Анатолий Вишневский - Перехваченные письма

Все авторские права соблюдены. Напишите нам, если Вы не согласны.
Описание книги "Перехваченные письма"
Описание и краткое содержание "Перехваченные письма" читать бесплатно онлайн.
Перехваченные письма — это XX век глазами трех поколений семьи из старинного дворянского рода Татищевых и их окружения. Автор высвечивает две яркие фигуры артистического мира русского зарубежья — поэта Бориса Поплавского и художника Иды Карской.
Составленный из подлинных документов эпохи, роман отражает эмоциональный и духовный опыт людей, прошедших через войны, революцию, эмиграцию, политические преследования, диссидентское движение.
Книга иллюстрирована фотографиями главных персонажей.
Мы уже не шли прямо на север или «на Москву», но все время перебрасывались с запада на восток и обратно на остановившейся линии фронта. Неприятель окреп и окопался на том берегу Десны. За широкой рекой начинались дремучие Брянские леса, а между лесом и водой виднелись таинственные и страшные села, занятые неприятелем, группы красноармейцев, их лошади, походная кухня, появляющаяся в полдень у самой воды. По ночам бывало слышно их пение. Раз, сблизившись в ночном секрете, они обменялись с нашими приветствиями. С их стороны крикнули: «За что воюете, генеральские бляди?» На что Губаренко сразу ответил: «А вы жидам продалися, красножопыи-и».
В воздухе, в настроении солдат, в глазах местных жителей чувствовалось, что мы ослабели. Десну мы так никогда и не перешли.

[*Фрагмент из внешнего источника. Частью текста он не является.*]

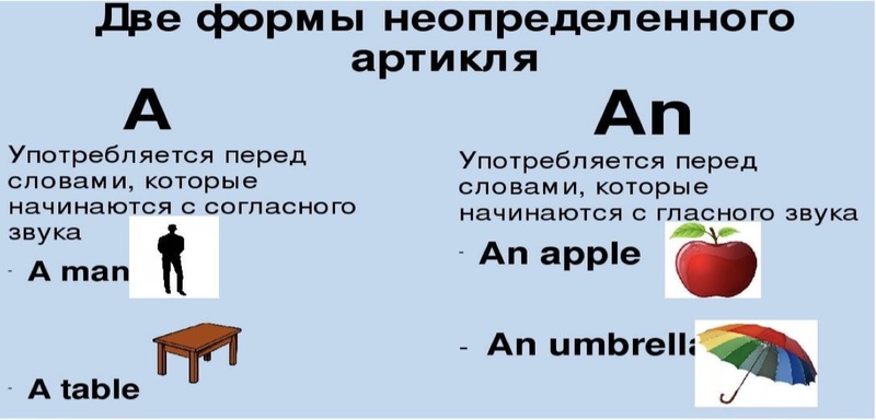 Научить различать артикли перед словами, начинающимися на гласную и согласную букву.

Но моя внутренняя жизнь текла по своим собственным законам, и наши военные успехи или неудачи мало меня интересовали. Из того, что существовало вне меня, я внимательнее всего приглядывался к пейзажу. Иногда после дождей, перед наступлением хорошей погоды, весь окружающий ландшафт окрашивался в благородные серые тона. Тут была вся гамма серого, от темного свинца Брянских лесов до жемчужных отблесков реки, луж и окропленных дождем крыш. Под рыжеватыми низкими облаками казались странно приблизившимися темные, отчетливые силуэты на горизонте: остроконечные скирды, отдельные деревья. Бугром заворачивалось черноземное вспаханное поле с лужами. А по межам возвышались анемичные тополя, обернувшие на ветру матовую листву. Мне казалось, что эту картину, которую я воспринимаю и люблю как никто, я бы мог замечательно нарисовать, лучше, чем Серов и Левитан; и я очень печалился, что не имею возможности заняться живописью. В городах, которые мы иногда проходили, ни красок, ни кистей, разумеется, достать нельзя было. Однако, в Нежине мне посчастливилось реквизировать в физическом кабинете реального училища ящик с акварельными красками, который я забрал под предлогом военных надобностей, объяснив училищному сторожу, что они нам нужны для раскрашивания военных карт. И с окраины села Короп, где мы сделали дневку, я с утра до вечера изображал романтический пейзаж: на первом плане сараи, за ним луг с фигурами пейзан, а дальше, на горе, перед темными деревьями парка разлегся белым призраком Батуринский дворец Разумовских, вернее остов этого дворца, с черными провалами окон, с подрубленными колоннами.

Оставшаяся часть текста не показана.